What you should do
Lines before the one holding "WEGWESPEN GRAVEN HIER" are not wanted. Please copy that line and everything after it to the end of the records, exactly, skipping pictures.

[Opening Records provided section]

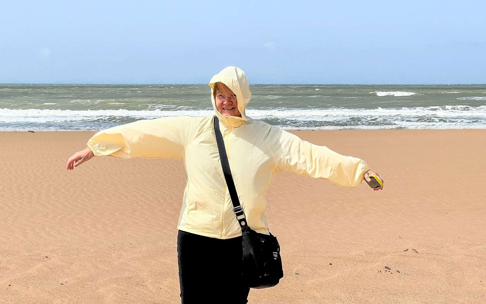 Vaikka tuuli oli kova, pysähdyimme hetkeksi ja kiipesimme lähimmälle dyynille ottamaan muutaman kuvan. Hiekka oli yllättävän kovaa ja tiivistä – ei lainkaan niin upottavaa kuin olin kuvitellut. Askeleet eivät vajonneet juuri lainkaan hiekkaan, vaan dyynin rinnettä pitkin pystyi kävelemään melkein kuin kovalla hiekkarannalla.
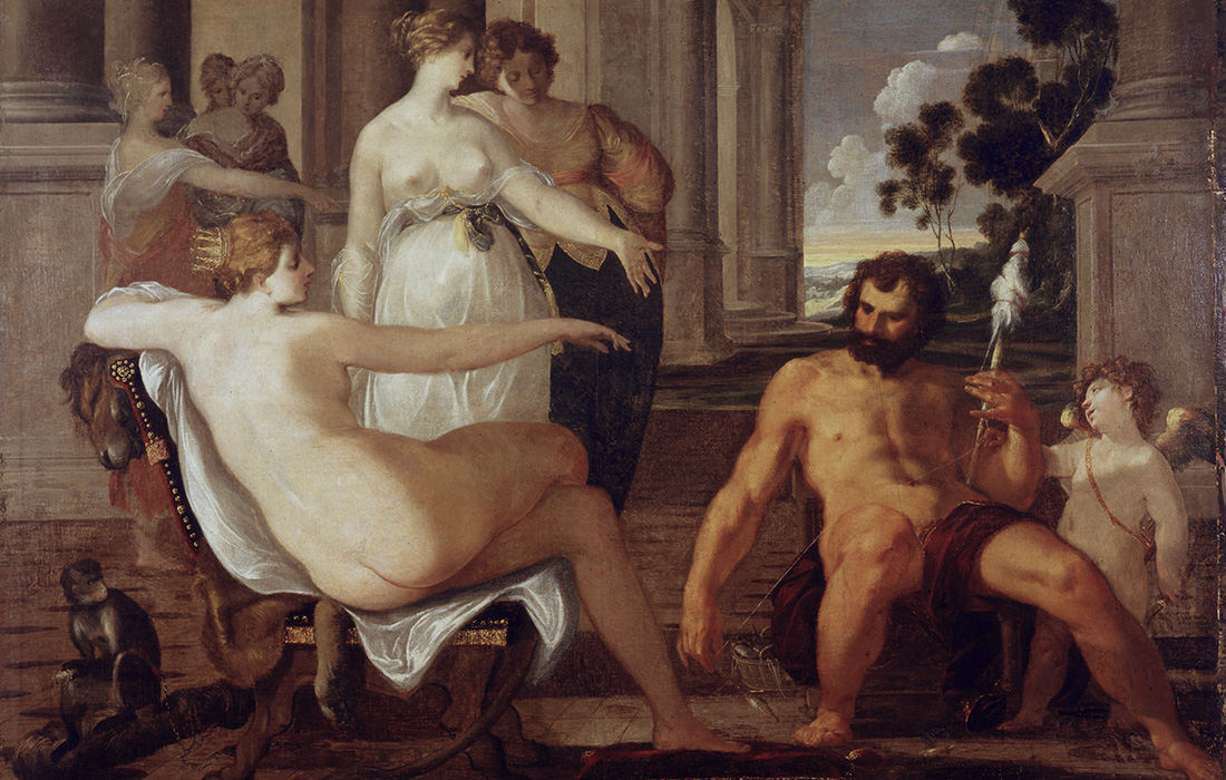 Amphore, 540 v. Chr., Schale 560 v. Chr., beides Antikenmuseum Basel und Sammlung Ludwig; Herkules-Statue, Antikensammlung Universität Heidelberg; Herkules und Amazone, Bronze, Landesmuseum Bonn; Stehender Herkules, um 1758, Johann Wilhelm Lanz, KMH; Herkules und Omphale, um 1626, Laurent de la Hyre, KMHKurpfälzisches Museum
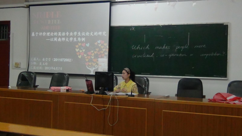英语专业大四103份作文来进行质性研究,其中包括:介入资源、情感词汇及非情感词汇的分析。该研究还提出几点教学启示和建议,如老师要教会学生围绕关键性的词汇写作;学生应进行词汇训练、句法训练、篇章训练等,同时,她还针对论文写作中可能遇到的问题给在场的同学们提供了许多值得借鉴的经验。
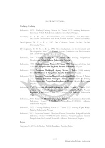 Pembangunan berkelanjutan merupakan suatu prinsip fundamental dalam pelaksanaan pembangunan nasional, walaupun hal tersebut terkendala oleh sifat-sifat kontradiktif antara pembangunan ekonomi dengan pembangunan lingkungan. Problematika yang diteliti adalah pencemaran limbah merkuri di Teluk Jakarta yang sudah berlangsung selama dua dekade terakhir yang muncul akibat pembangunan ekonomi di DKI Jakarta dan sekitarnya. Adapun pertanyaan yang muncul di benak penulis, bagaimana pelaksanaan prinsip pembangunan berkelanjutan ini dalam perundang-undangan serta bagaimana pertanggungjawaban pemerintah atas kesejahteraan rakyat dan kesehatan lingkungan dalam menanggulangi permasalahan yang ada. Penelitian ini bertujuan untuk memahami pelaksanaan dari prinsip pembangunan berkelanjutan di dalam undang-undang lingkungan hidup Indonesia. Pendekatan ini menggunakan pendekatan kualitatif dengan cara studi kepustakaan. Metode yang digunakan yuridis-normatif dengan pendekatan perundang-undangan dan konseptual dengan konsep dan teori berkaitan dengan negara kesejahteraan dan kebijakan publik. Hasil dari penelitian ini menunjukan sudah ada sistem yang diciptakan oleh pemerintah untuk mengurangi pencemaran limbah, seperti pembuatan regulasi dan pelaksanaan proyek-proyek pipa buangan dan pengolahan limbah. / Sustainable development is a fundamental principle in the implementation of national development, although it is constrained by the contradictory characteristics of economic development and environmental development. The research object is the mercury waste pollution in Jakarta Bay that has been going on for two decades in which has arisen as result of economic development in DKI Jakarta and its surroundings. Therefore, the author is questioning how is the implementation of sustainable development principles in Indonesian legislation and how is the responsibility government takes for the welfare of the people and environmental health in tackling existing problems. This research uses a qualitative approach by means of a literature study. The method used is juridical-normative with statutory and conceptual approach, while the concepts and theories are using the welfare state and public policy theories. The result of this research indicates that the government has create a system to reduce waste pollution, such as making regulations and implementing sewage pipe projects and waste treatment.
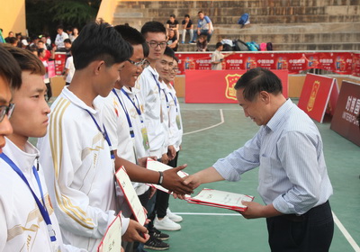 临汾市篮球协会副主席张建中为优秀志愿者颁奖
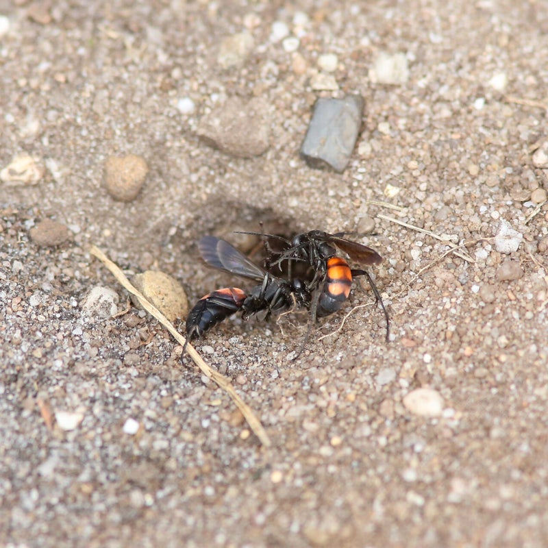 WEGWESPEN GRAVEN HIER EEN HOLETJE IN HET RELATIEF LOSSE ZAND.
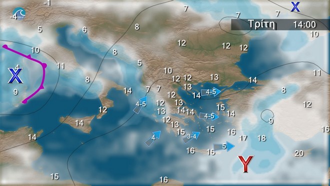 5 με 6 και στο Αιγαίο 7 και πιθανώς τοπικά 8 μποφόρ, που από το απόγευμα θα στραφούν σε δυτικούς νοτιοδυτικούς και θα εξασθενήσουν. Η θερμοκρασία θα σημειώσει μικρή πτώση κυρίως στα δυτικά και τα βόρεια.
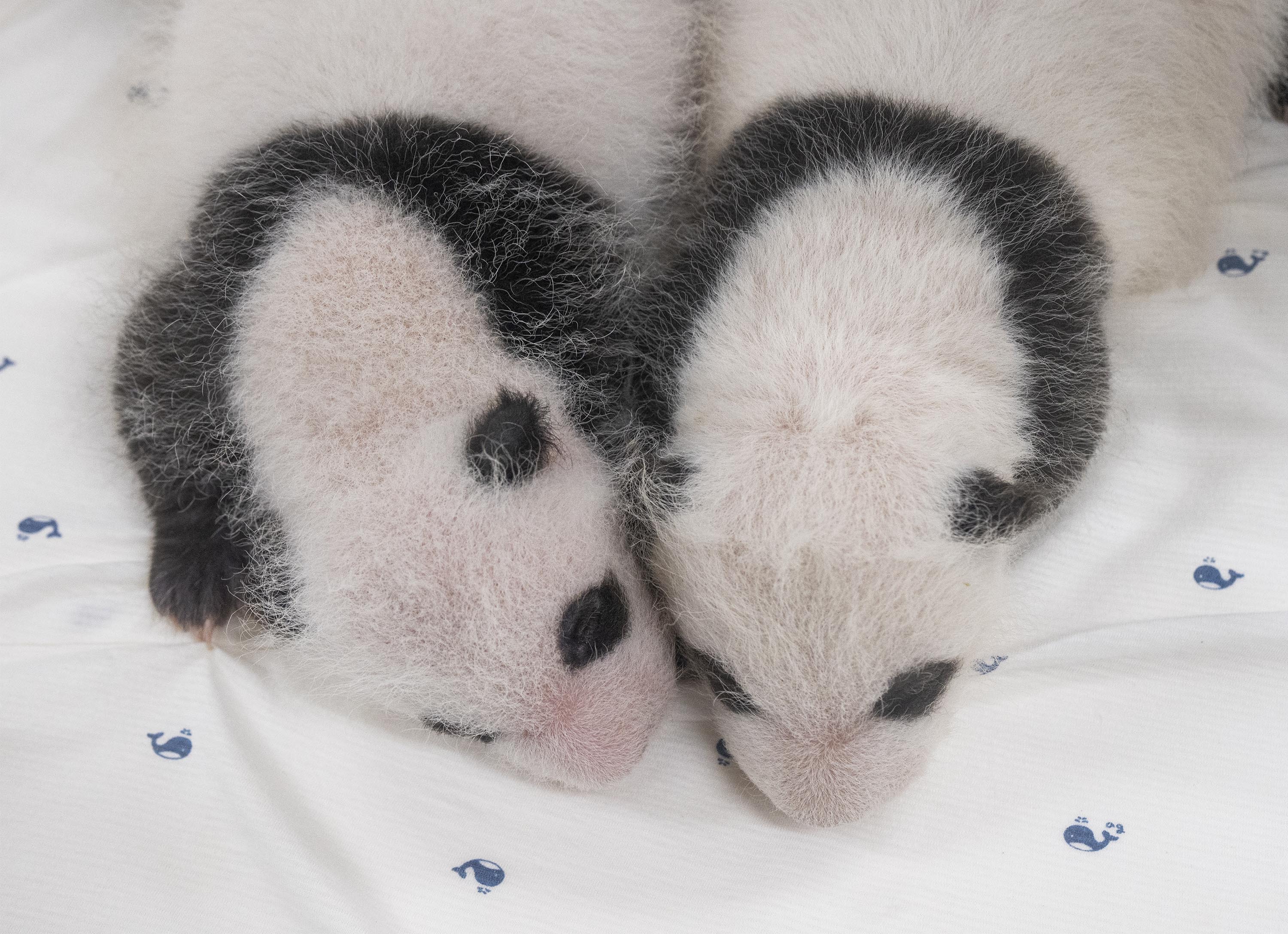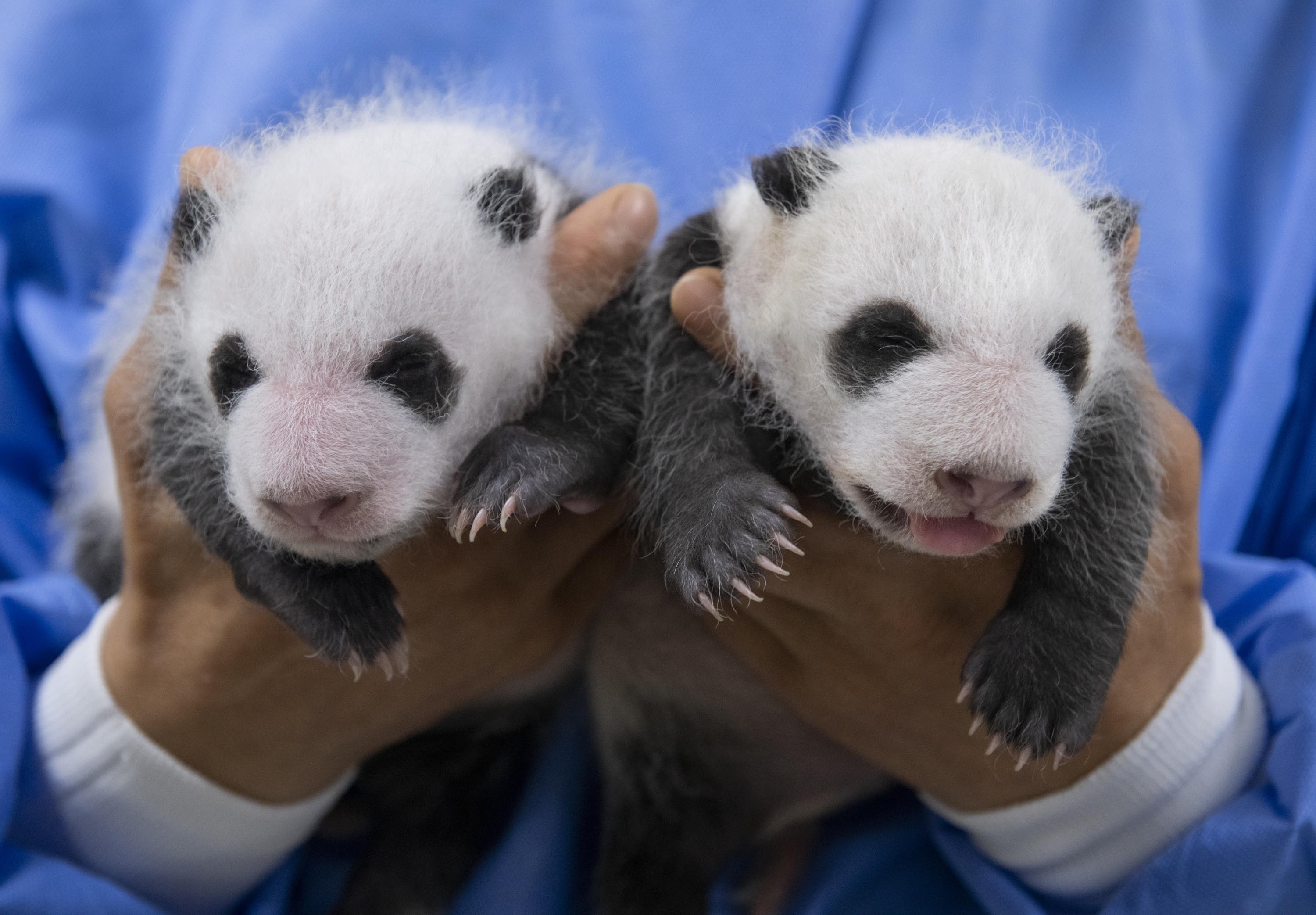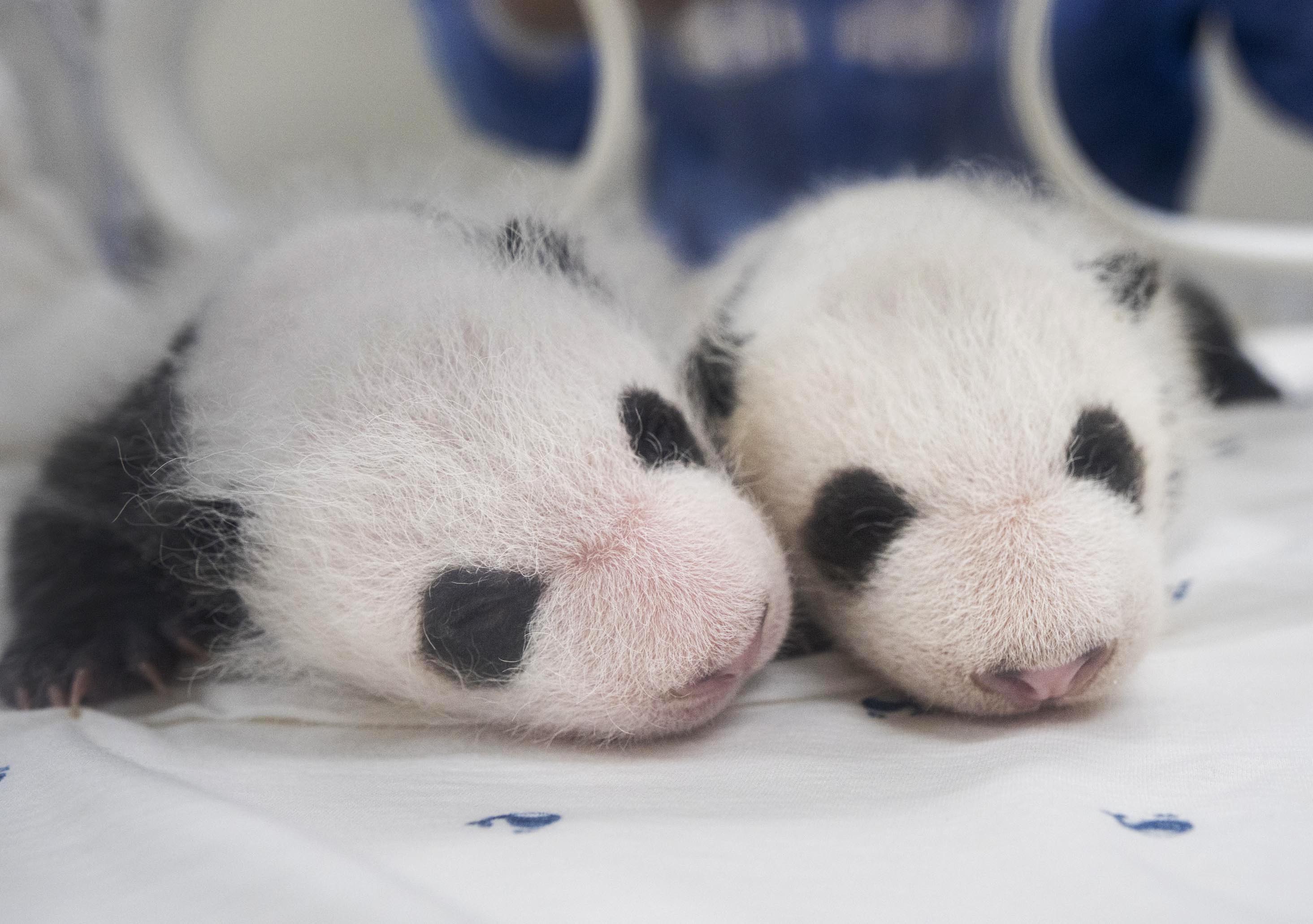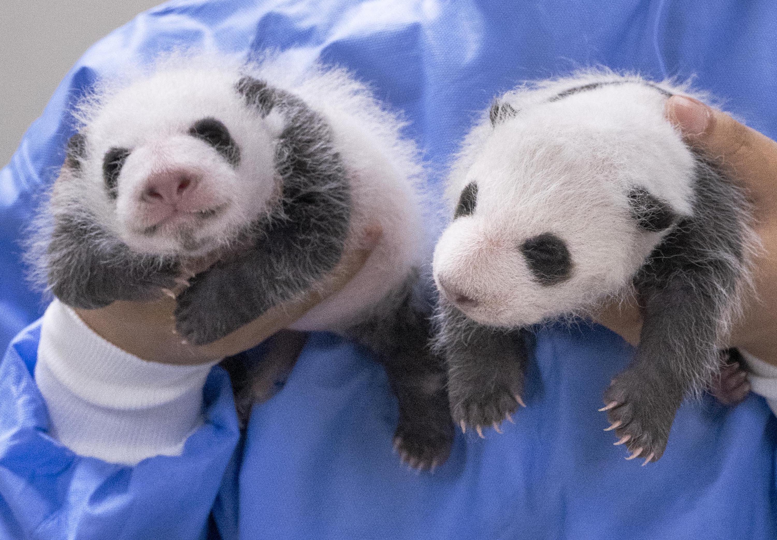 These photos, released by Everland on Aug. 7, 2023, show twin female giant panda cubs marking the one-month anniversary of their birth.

[Closing Records provided section]

Response area
 WEGWESPEN GRAVEN HIER EEN HOLETJE IN HET RELATIEF LOSSE ZAND.
 5 με 6 και στο Αιγαίο 7 και πιθανώς τοπικά 8 μποφόρ, που από το απόγευμα θα στραφούν σε δυτικούς νοτιοδυτικούς και θα εξασθενήσουν. Η θερμοκρασία θα σημειώσει μικρή πτώση κυρίως στα δυτικά και τα βόρεια.
 These photos, released by Everland on Aug. 7, 2023, show twin female giant panda cubs marking the one-month anniversary of their birth.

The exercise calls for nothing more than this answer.